Körte then prepared for a life of teaching within the institutions of her congregation. She attended Dominican College run by them (now the Dominican University of California) where she earned a bachelor's degree in Latin, which was followed by studies at the Catholic University of America in Washington, D.C., for her master's degree in that same field. During that period she was occupied with translating Vergil’s Georgics into iambic pentameter and studying classical texts and formal poetry. At the same time, however, she took notice of the antiwar protests taking place throughout the country which she supported.

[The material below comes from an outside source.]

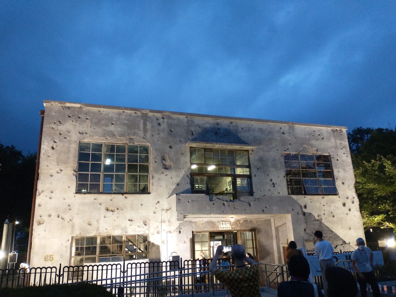 そして、周囲が暮れてきたところで平和祈念キャンドルの点灯が行われ、戦争遺跡「旧日立航空機株式会社変電所跡」がライトアップ。

In 1965, Körte was allowed to attend the influential Berkeley Poetry Conference where she was minor sensation due to her wearing of her Dominican religious habit to the event. As result of her experience at the conference, which was a gathering which would become known as a watershed moment in the history of American poetry, she came to know and became greatly influenced by readings by Allen Ginsberg, Jack Spicer, Lew Welch and other poets of that era. She began to write poetry about a range of topics reflecting the social upheaval of the times. In this she formed a friendship with Brother Antoninus, a Dominican lay brother also in the Bay area, who was also a poet struggling with the place of poetry in their society. She began to identify with the Beat community of the city and to assist poor poets living in Haight-Ashbury, bringing them food from the convent. The Beat poet David Meltzer helped get her first book of poetry, Hymn to the Gentle Sun, published in 1967. As her secular and religious interests diverged, she left the convent in 1968. "I kept going to peace rallies, and they kept telling me not to, and I kept going to peace rallies..." she told a student in the early 1980s.

===Poet and activist===
On leaving the convent, Körte moved to Berkeley to take a job as a secretary in the psychology department at the University of California, Berkeley. There she became friends with the poet Denise Levertov. Nominated by Levertov, Körte was awarded a National Endowment for the Arts grant in 1969. In 1972, she moved again, becoming caretaker of woodland property near Mendocino in northern California. She eventually bought the property, supporting herself by teaching at a nearby reservation school. She continued to write poetry, and she became active in the environmental movement, including Save the Redwoods.
In the early 1980s, she worked with students around Mendocino County as part of the California Poets In The Schools program (CPITS). She oversaw the publication of anthologies of student writers, including group poetry; and was delighted when one young writer's piece was included in a statewide anthology produced by CPITS.
She was a favorite with many of the students, who were impressed by her lack of condescension and her enthusiastic approach to poetry. She saw potential in everyone and awakened a number of young people to poetry and the power of words, as well their own talents with words.

===Legacy===
River Campus Libraries at the University of Rochester in New York holds a collection of 10 boxes of Körte's personal papers. They include correspondence, manuscripts, works by other authors, biographical documents, and other material.

==Bibliography==
- Hymn to the Gentle Sun (1967)
- The Beginning Is the Life, Is the Word (1967)
- Beginning of Lines: Response to "Albion Moonlight"  (1968)
- The Generation of Love, (1969)
- My Day Was Beautiful, How Was Yours? and The Going  (1969)
- A Breviary in Time of War (1970)
- The Midnight Bridge (1970)
- Mammals of Delight: Poems, 1972–1977 (1978)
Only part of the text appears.